Не занимаясь здесь софийной реабилитацией докантовской рациональной метафизики, рискну утверждать, что все же, что вряд ли стоит считать ее «софиологической пустыней»[63 - Вот лишь один характерный пример булгаковских рассуждений на эту тему: «…чисто рассудочная или, что то же, научная философия необходимо безжизненна, весь мир она опрыскивает мертвой водой. Поэтому же у живых существ нет и не может быть до конца последовательной рассудочной философии: ненавистный “психологизм” оказывается в ней неистребим, даже Спиноза из мертвой пустыни своего вещного детерминизма спасается в amor Dei intellectualis, т. е. все-таки живое, ибо любовное постижение мира, который оказывается поэтому substantia sive natura sive Deus. И Кант спасается из царства чистой рассудочности в практический, т. е. живой разум, ценою внутреннего дуализма спасая личность… Рассудочная ориентировка в жизни (идеал «чистого трансцендентализма», с исключением всякого «психологизма») мыслима только при полном упразднении живого человеческого существа в его конкретной целостности…». Булгаков С. Н. Философия хозяйства // Булгаков С. Н. Соч.: в 2 т. Т 1. С. 25–26.] (то же самое, впрочем, относится и к сенсуалистски ориентированной европейской мысли). Такое суждение было бы несправедливо прежде всего по причине ее оптимистического, оправдывающего жизнь пафоса. Несомненно, ее идеологической подоплекой была программа созидания человека и творения, а вовсе не разрушения того и другого. Это относится и к методу строительства мира через организованную мысль у Декарта, и к просвещено-естественному упорядочиванию видимых природных форм как неких проекций разумной человеческой способности (Локк, Беркли, Юм), и к оправданию «лучшего из миров» в «Теодицее» Лейбница, которую он заканчивает следующим: «Но превосходнейшая часть вещей – град Божий – есть зрелище, блеск которого мы будем некогда допущены созерцать вблизи, просвещенные светом божественной славы. Ибо теперь мы можем приблизиться к нему лишь очами веры, т. е. твердою уверенностью в божественном совершенстве; и чем более мы постигаем, что в творении проявляется не только мудрость и могущество, но и благость высшего разума, тем более мы воспламеняемся любовью к Богу и тем более возгораемся стремлением подражать каким-либо образом Божией благости и справедливости»[64 - Лейбниц Г. В. Теодицея // Лейбниц Г. В. Соч.: в 4 т. М., 1989. Т. 4. С. 494.].

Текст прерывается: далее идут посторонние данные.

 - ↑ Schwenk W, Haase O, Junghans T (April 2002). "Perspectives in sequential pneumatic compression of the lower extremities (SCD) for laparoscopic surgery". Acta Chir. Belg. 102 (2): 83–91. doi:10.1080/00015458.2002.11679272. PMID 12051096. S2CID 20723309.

Блеск чувственно осязаемого сияющего Града достигнутого совершенства отсылает нас и к вдохновенному платоновскому описанию блистающего нездешними красками мира кристаллически-твердой занебесной красоты в диалоге «Федр», и ко многим другим, намного более далеким коннотациям, например к известному рассказу о выборе веры из Повести временных лет: «…и ввели нас туда, где служат они Богу своему, и не знали – на небе или на земле мы: ибо нет на земле такого зрелища и красоты такой, и не знаем, как и рассказать об этом, – знаем мы только, что пребывает там Бог с людьми, и служба их лучше, чем во всех других странах. Не можем мы забыть красоты той, ибо каждый человек, если вкусит сладкого, не возьмет потом горького; так и мы не можем уже здесь пребывать».

Привожу эту цитату единственно для того, чтобы подчеркнуть некую основополагающую интуицию, объединяющую столь далекие интеллектуальные миры: их общие акценции на чувственно-воспринимаемой красоте в описании божественного мира.

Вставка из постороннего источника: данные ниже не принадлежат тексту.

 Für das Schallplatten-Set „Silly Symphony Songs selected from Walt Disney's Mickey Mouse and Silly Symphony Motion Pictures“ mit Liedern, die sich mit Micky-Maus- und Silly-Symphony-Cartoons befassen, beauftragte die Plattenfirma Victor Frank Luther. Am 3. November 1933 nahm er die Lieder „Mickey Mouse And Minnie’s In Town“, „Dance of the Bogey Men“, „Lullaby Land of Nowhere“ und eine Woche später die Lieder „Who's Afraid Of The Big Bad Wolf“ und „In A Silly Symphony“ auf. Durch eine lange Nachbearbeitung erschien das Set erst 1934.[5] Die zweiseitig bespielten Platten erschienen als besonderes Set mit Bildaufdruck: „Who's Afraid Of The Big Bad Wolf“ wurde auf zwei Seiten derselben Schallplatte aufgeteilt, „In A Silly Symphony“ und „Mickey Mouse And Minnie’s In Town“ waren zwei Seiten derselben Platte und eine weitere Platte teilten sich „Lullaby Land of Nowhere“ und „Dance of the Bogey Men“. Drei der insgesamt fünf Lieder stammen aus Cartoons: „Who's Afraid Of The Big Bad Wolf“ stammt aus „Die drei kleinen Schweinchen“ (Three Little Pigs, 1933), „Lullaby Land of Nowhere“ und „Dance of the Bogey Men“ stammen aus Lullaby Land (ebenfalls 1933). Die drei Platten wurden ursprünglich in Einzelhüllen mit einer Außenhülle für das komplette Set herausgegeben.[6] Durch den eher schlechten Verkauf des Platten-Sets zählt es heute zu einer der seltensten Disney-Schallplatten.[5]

Булгаков неизменно говорит о философии Канта как о антисофийном акосмизме[65 - «…Превозмогающая сила Софии, как разум мира, неисчерпаемое его богатство и красота форм» открывается «…не из дурной бесконечности кантовского опыта, но внутренним оком в целости и единстве». Булгаков С. Н. Ипостась и ипостасность (ЗсйоНа к «Свету Невечернему») // Булгаков С. Н. Труды о Троичности / сост., подгот. текста и примеч. Анны Резниченко. М., 2001. С. 36.]. Кант, конечно, далек от софийной поэзии, но вот насколько он асофиен? Этот вопрос можно поставить двояко:

– имеются ли все же в софиологическом синтезе прямые интенции, выводящие к Канту?

– что софиология пыталась противопоставить кантовскому трансцендентализму, осознаваемому, видимо, в качестве наиболее сильного соперника?

Если говорить о первом аспекте, то по крайней мере один вполне «софийный» текст у Канта имеется. Это сочинение «Идея всеобщей истории во всемирно-гражданском плане» (1784), где он излагает учение о мудрости природы в целенаправленной реализации ею «тайного плана» по отношению к человеку. «Историю человеческого рода в целом можно рассматривать как выполнение тайного плана природы – осуществить внутренне и для этой цели также внешне совершенное государственное устройство как единственное состояние, в котором она может полностью развить все задатки, вложенные ею в человечество»[66 - Кант И. Идея всеобщей истории во всемирно-гражданском плане. 1784 // Кант И. Соч.: в 6 т. М., 1966. Т 6. С. 17–18.].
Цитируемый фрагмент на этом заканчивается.